Private I/O access has obvious benefits and drawbacks. It yields high-performance I/O access, as each virtual machine can communicate directly with the physical devices that it owns. It is a costly solution, however, since it requires replicated physical devices for each virtual machine. These devices are likely to be underutilized, and for systems with large numbers of virtual machines it may be impossible to include a sufficient number of devices.
A good way to decrease the costs inherent in providing private I/O devices is to allow I/O devices to be shared among virtual machines. The first shared I/O virtualization solutions were part of the networking support for System/360 and System/370 between physically separated virtual machines.4 This networking architecture supported shared access to the network using a virtualized spool-file interface that was serviced by a special-purpose virtual machine, or I/O domain, dedicated to networking. The other virtual machines in the system could read from or write to virtualized spool files. The VMM would interpret these reads and writes based on whether the spool locations were physically located on the local machine or on a remote machine. If the data were on a remote machine, the VMM would transfer control to the I/O domain, which would then use its physical network interfaces to transfer data to/from a remote machine. The remote machine would use the same virtualized spool architecture and its own dedicated I/O domain to service requests.
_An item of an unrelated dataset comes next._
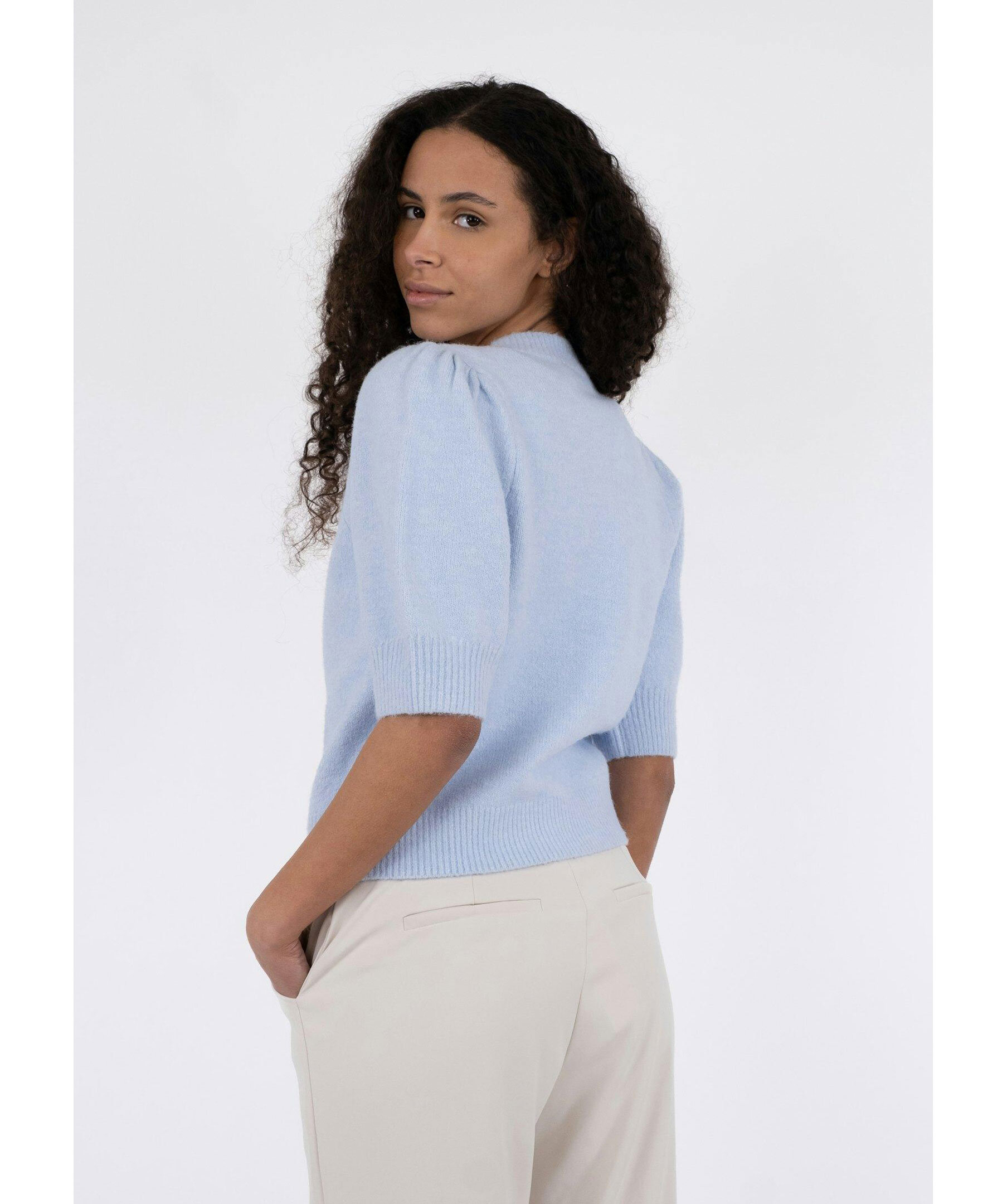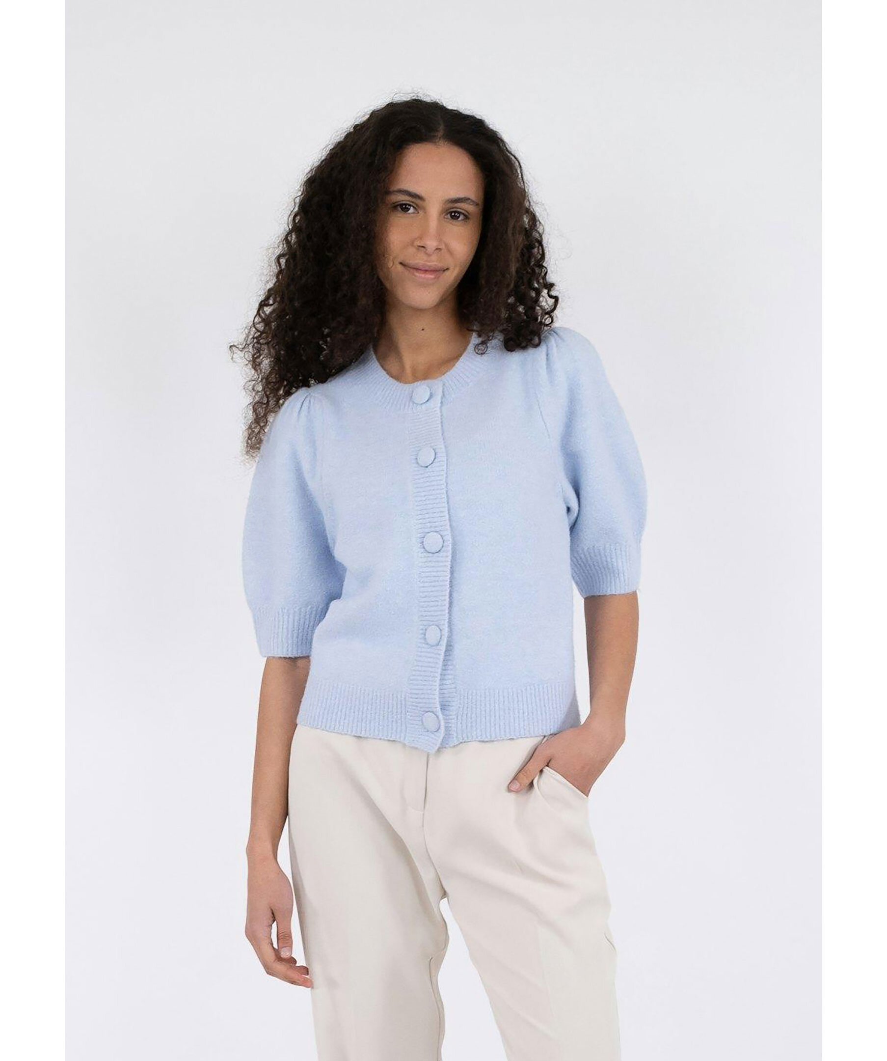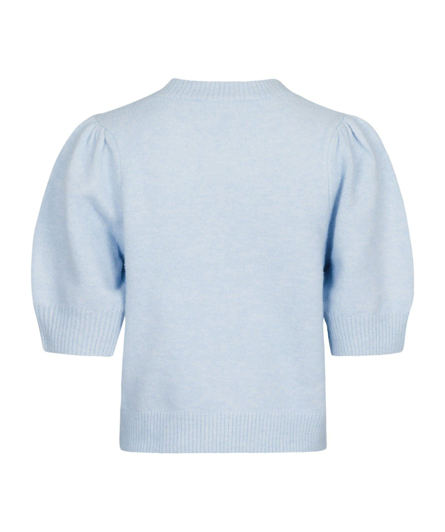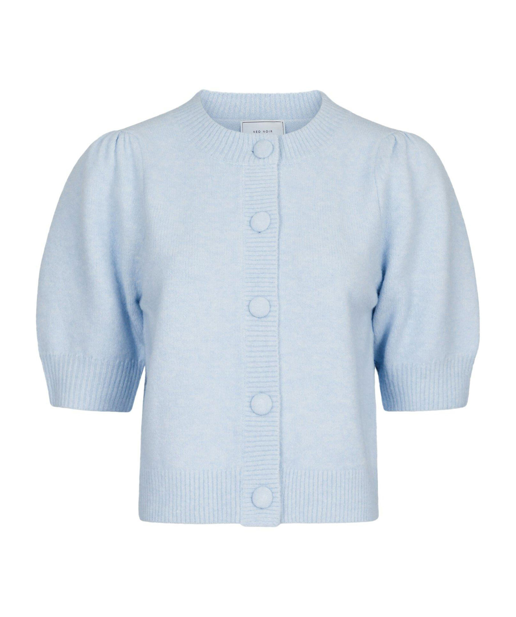 Ljusblå, melerad stickad tröja från Neo Noir. Stängs framtill med klädda knappar. Puffärmar som slutar strax över armbågen. Ribbstickad krage, ärm- och plaggslut. Tillverkad i ullblandning.

This software I/O virtualization architecture is logically identical to most virtualization solutions today. Xen, VMware, and the Power5 virtualization architectures all share access to devices through virtualized software interfaces and rely on a dedicated software entity, such as the I/O domain, to perform physical device management.5,6,7 The software entity controlling the I/O device can be either a separate I/O domain or the VMM’s hypervisor. If there is a separate I/O domain, I/O devices are effectively private to that domain, so memory accesses by the device should be restricted to the I/O domain. This can be enforced either by trusting the I/O domain or by using an IOMMU.
Since network interfaces are commonly shared in software, it would be instructive to look at a more concrete example of this I/O virtualization architecture. Xen is a popular open source VMM for the x86 architecture that shares I/O devices in software.8 Although differences exist among VMMs, Xen’s I/O virtualization architecture is representative of other systems that support shared I/O devices in software.
Figure 1 shows the organization of the Xen VMM. Xen consists of two elements: the hypervisor and the driver domain. The hypervisor provides an abstraction layer between the virtual machines and the actual hardware, enabling each virtual machine to execute as if it were running natively on the hardware. Shared I/O devices, however, are controlled by a special I/O domain, called the driver domain in Xen. It runs a modified version of Linux that uses native Linux device drivers to manage physical I/O devices. To communicate with the driver domain, and thus the physical I/O devices, each virtual machine is given a virtual I/O device, controlled by a special device driver, called a front-end driver. To access a physical device the virtual machine’s front-end driver communicates with the corresponding back-end driver in the driver domain.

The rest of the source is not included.